What you will do
Word for word, restate the lines from the start of the data down to the line with "Tutti frutti! Deze", both included.

Saved data entries
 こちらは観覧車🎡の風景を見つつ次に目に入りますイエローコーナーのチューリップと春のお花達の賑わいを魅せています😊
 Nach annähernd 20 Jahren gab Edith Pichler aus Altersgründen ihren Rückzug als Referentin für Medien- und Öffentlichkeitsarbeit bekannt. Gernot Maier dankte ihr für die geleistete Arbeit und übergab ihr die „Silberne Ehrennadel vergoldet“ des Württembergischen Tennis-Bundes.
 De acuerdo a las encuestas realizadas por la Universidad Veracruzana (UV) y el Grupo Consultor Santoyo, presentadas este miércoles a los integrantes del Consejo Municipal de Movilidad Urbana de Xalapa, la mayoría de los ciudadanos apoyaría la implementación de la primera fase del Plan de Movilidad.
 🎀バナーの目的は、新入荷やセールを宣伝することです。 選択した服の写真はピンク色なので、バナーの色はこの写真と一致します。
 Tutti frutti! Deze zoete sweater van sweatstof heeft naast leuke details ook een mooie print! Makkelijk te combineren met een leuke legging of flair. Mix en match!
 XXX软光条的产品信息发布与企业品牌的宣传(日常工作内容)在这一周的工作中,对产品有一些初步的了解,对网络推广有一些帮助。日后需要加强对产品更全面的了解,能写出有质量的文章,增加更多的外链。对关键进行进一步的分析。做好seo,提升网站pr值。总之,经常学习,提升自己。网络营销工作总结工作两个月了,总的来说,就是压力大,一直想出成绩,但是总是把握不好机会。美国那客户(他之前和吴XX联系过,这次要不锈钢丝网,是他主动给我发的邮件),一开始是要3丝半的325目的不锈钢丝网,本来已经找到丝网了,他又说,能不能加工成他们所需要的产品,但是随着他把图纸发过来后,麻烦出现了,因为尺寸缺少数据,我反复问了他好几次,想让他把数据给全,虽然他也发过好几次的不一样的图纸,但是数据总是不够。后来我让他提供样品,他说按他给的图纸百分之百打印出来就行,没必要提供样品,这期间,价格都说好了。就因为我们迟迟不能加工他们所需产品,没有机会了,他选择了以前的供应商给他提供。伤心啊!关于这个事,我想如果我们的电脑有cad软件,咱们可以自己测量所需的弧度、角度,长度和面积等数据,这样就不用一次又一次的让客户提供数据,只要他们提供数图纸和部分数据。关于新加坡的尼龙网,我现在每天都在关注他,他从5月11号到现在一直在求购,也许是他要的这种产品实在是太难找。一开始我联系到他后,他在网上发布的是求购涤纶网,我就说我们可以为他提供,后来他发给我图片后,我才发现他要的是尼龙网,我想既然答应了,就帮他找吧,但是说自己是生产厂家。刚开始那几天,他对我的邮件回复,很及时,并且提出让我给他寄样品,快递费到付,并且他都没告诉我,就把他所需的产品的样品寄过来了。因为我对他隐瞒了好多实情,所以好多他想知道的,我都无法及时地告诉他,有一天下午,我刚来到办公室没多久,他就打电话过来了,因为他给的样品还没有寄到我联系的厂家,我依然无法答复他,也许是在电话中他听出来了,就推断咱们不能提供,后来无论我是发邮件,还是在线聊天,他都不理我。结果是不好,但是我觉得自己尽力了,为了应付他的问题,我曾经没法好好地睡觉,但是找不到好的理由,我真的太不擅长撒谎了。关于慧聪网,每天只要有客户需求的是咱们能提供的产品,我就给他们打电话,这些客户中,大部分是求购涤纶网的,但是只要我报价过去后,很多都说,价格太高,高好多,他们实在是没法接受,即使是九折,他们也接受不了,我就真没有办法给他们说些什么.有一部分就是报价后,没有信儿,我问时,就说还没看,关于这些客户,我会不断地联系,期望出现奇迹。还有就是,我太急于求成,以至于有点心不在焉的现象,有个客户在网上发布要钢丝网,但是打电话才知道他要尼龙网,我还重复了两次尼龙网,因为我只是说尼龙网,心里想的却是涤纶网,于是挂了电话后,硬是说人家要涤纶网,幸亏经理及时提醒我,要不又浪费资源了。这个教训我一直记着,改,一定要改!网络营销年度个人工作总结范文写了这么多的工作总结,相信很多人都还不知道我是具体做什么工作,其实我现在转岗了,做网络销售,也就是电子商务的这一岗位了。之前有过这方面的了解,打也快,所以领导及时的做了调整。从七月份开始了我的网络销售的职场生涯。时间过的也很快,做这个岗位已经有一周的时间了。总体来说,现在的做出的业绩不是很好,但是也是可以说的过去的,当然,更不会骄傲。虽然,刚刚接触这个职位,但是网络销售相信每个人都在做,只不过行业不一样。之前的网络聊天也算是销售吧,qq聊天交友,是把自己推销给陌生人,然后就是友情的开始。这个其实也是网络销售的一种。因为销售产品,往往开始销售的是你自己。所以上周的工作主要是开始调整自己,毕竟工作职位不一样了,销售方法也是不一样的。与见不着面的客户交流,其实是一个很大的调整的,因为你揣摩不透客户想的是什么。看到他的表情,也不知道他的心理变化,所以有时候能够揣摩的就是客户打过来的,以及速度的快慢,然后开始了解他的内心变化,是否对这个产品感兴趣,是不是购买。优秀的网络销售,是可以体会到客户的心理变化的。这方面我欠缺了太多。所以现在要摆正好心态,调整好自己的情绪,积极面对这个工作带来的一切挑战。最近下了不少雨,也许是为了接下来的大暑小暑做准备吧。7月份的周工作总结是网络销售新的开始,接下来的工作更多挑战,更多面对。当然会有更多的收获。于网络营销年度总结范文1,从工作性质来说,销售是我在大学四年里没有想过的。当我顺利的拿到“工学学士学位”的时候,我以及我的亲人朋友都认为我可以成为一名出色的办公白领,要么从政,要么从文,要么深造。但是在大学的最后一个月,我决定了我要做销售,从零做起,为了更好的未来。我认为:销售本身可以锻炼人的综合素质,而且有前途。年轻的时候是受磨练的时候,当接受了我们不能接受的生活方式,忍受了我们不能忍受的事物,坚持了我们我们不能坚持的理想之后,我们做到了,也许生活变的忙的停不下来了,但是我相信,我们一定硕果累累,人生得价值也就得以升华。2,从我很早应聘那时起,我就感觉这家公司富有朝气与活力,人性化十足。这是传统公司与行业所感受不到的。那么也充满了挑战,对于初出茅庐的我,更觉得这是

Exercise solution
 こちらは観覧車🎡の風景を見つつ次に目に入りますイエローコーナーのチューリップと春のお花達の賑わいを魅せています😊
 Nach annähernd 20 Jahren gab Edith Pichler aus Altersgründen ihren Rückzug als Referentin für Medien- und Öffentlichkeitsarbeit bekannt. Gernot Maier dankte ihr für die geleistete Arbeit und übergab ihr die „Silberne Ehrennadel vergoldet“ des Württembergischen Tennis-Bundes.
 De acuerdo a las encuestas realizadas por la Universidad Veracruzana (UV) y el Grupo Consultor Santoyo, presentadas este miércoles a los integrantes del Consejo Municipal de Movilidad Urbana de Xalapa, la mayoría de los ciudadanos apoyaría la implementación de la primera fase del Plan de Movilidad.
 🎀バナーの目的は、新入荷やセールを宣伝することです。 選択した服の写真はピンク色なので、バナーの色はこの写真と一致します。
 Tutti frutti! Deze zoete sweater van sweatstof heeft naast leuke details ook een mooie print! Makkelijk te combineren met een leuke legging of flair. Mix en match!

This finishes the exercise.